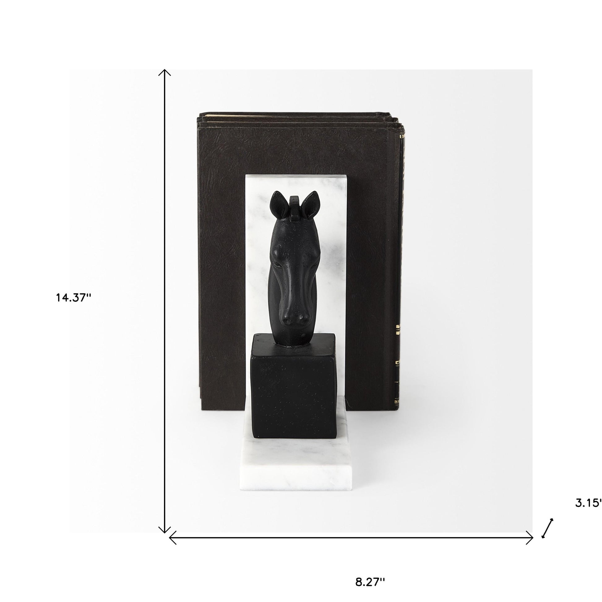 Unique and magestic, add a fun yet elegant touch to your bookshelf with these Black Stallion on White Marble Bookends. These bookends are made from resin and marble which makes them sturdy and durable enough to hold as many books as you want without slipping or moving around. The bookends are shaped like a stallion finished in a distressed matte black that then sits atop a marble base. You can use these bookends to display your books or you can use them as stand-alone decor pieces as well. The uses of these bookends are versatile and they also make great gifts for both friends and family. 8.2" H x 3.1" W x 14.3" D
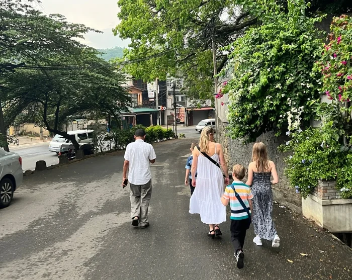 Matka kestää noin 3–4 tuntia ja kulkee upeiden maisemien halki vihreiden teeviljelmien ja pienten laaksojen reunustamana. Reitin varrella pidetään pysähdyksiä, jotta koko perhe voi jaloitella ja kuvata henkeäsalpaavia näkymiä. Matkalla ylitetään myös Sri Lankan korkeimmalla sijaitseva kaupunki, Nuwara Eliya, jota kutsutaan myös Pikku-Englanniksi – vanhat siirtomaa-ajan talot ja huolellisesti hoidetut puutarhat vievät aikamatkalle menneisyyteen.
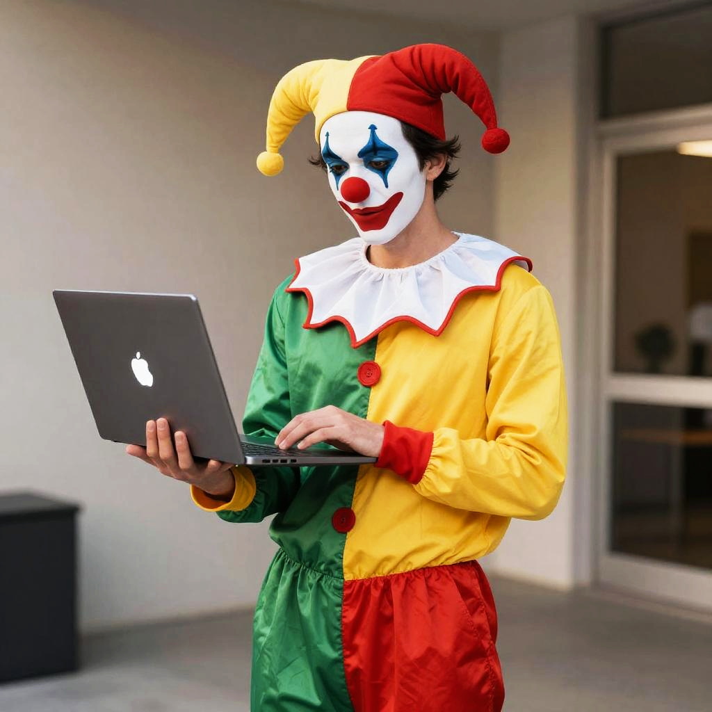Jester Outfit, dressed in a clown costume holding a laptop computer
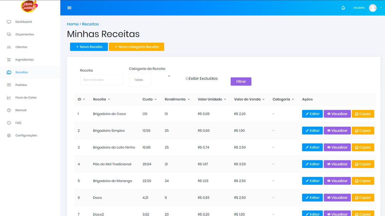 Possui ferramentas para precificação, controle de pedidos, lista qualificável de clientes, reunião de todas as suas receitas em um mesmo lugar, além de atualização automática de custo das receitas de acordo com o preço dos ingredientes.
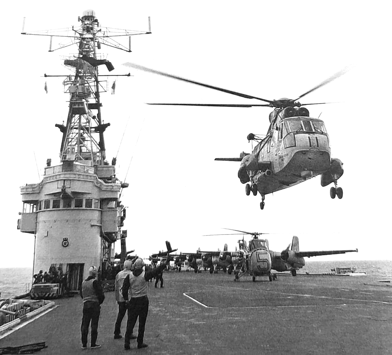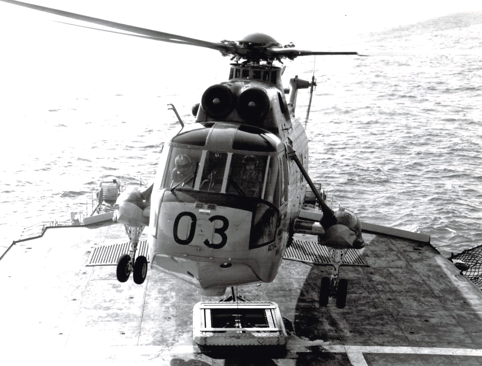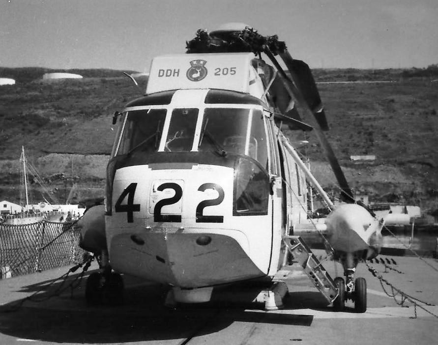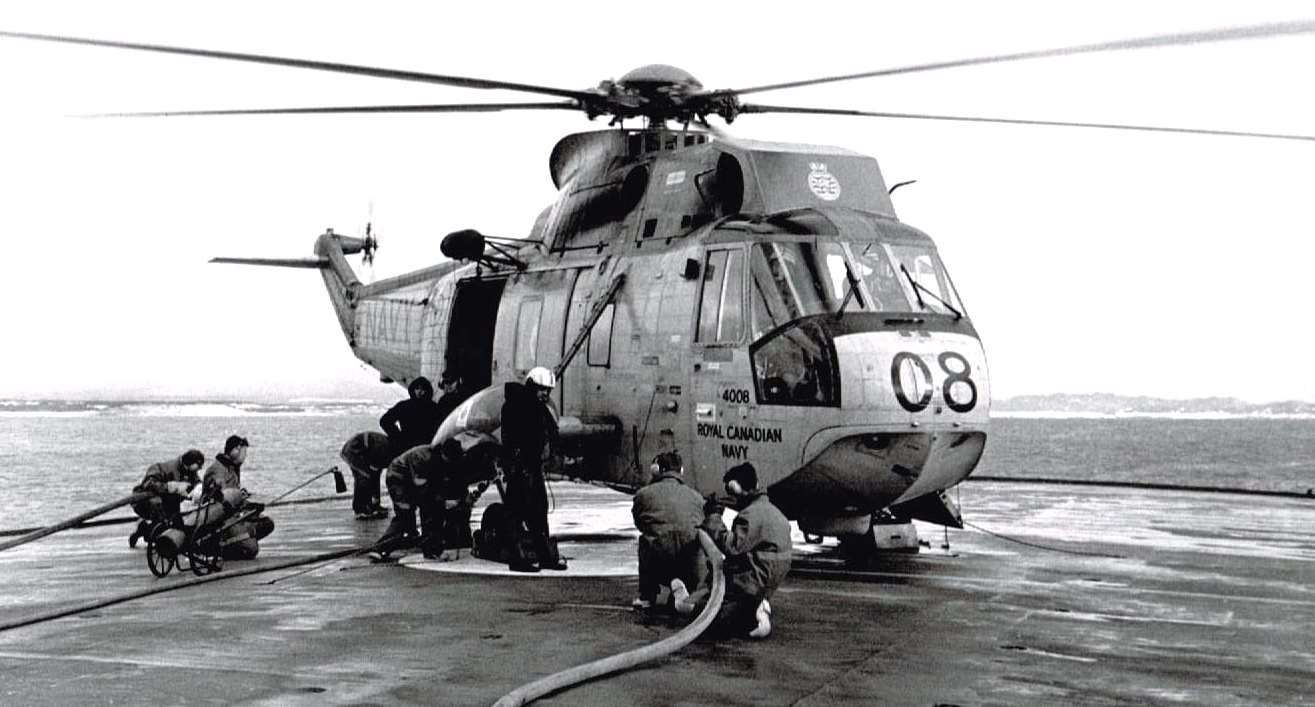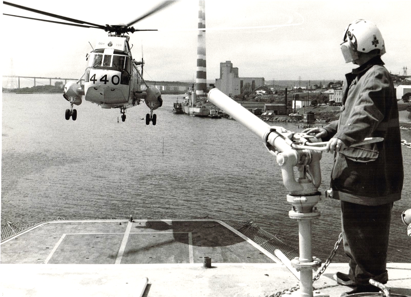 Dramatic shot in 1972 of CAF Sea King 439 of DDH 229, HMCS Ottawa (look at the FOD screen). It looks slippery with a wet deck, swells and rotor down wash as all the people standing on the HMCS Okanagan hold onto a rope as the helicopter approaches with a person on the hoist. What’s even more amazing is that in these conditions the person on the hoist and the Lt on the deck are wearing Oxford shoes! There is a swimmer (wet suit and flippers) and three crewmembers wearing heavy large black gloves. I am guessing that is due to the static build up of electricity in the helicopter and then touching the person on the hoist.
...
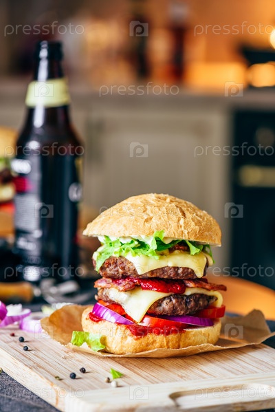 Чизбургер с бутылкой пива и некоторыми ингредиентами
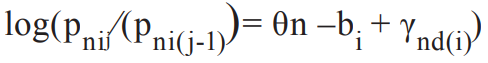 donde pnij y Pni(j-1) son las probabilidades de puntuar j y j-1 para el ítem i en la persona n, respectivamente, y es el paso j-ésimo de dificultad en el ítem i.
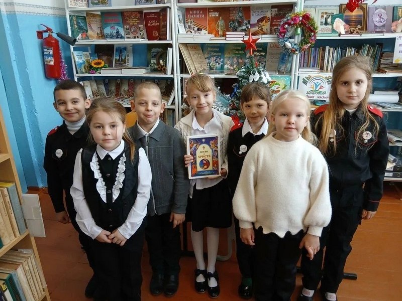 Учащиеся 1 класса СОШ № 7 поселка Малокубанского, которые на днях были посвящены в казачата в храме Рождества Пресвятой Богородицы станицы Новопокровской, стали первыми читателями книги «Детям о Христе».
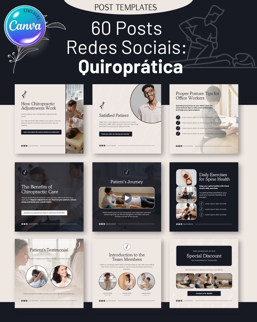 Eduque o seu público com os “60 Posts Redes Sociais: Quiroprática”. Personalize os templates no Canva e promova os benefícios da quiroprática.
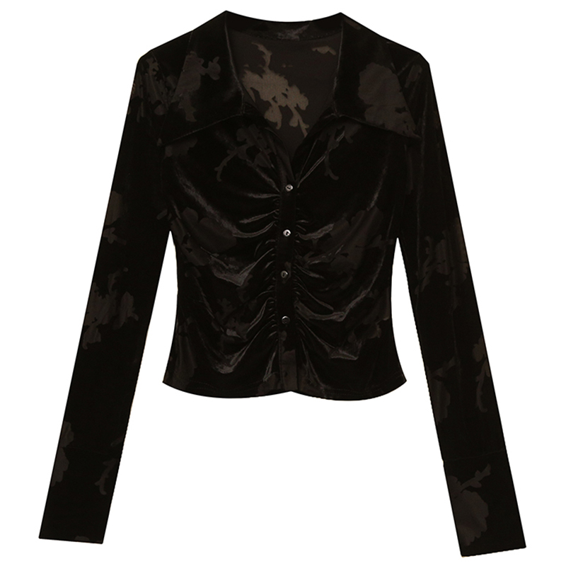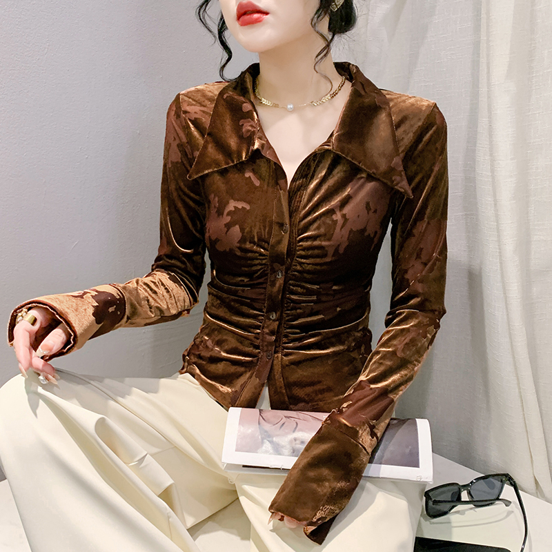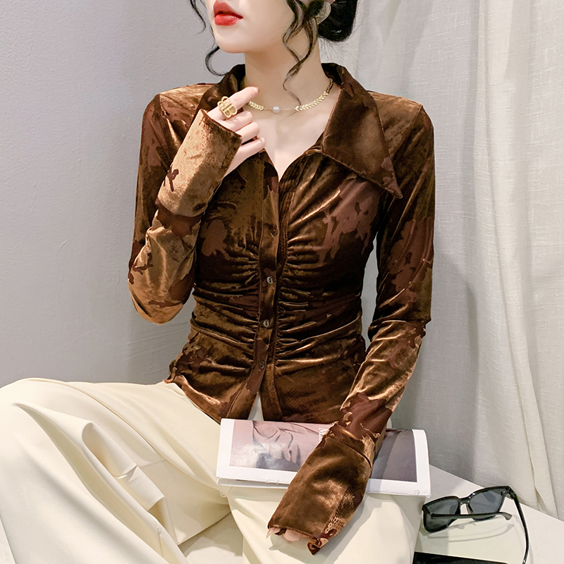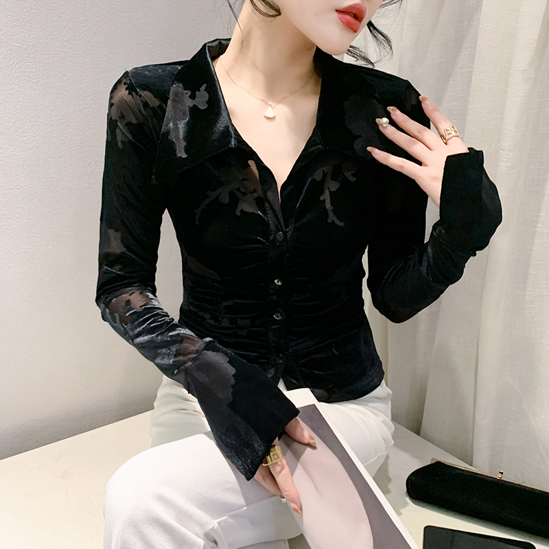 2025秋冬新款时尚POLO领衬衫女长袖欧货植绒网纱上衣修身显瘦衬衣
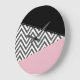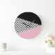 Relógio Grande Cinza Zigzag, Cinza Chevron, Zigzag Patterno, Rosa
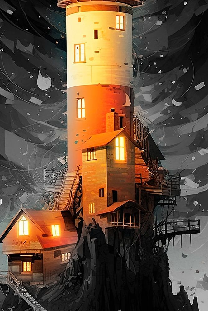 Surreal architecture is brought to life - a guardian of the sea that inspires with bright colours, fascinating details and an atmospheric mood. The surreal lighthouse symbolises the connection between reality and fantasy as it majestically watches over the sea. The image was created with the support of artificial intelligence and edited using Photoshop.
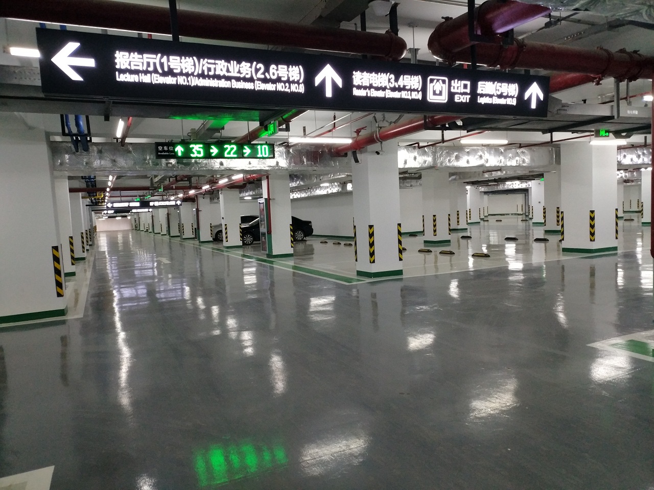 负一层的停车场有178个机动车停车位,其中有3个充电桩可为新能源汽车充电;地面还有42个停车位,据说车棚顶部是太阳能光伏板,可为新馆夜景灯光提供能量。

__What the task requires__:
Write out word for word the lines of the listing above from the line with "Relógio Grande Cinza" to the line with "负一层的停车场有178个机动", taking in both of those lines but no pictures.

__Solution for this task__:
 Relógio Grande Cinza Zigzag, Cinza Chevron, Zigzag Patterno, Rosa
 Surreal architecture is brought to life - a guardian of the sea that inspires with bright colours, fascinating details and an atmospheric mood. The surreal lighthouse symbolises the connection between reality and fantasy as it majestically watches over the sea. The image was created with the support of artificial intelligence and edited using Photoshop.
 负一层的停车场有178个机动车停车位,其中有3个充电桩可为新能源汽车充电;地面还有42个停车位,据说车棚顶部是太阳能光伏板,可为新馆夜景灯光提供能量。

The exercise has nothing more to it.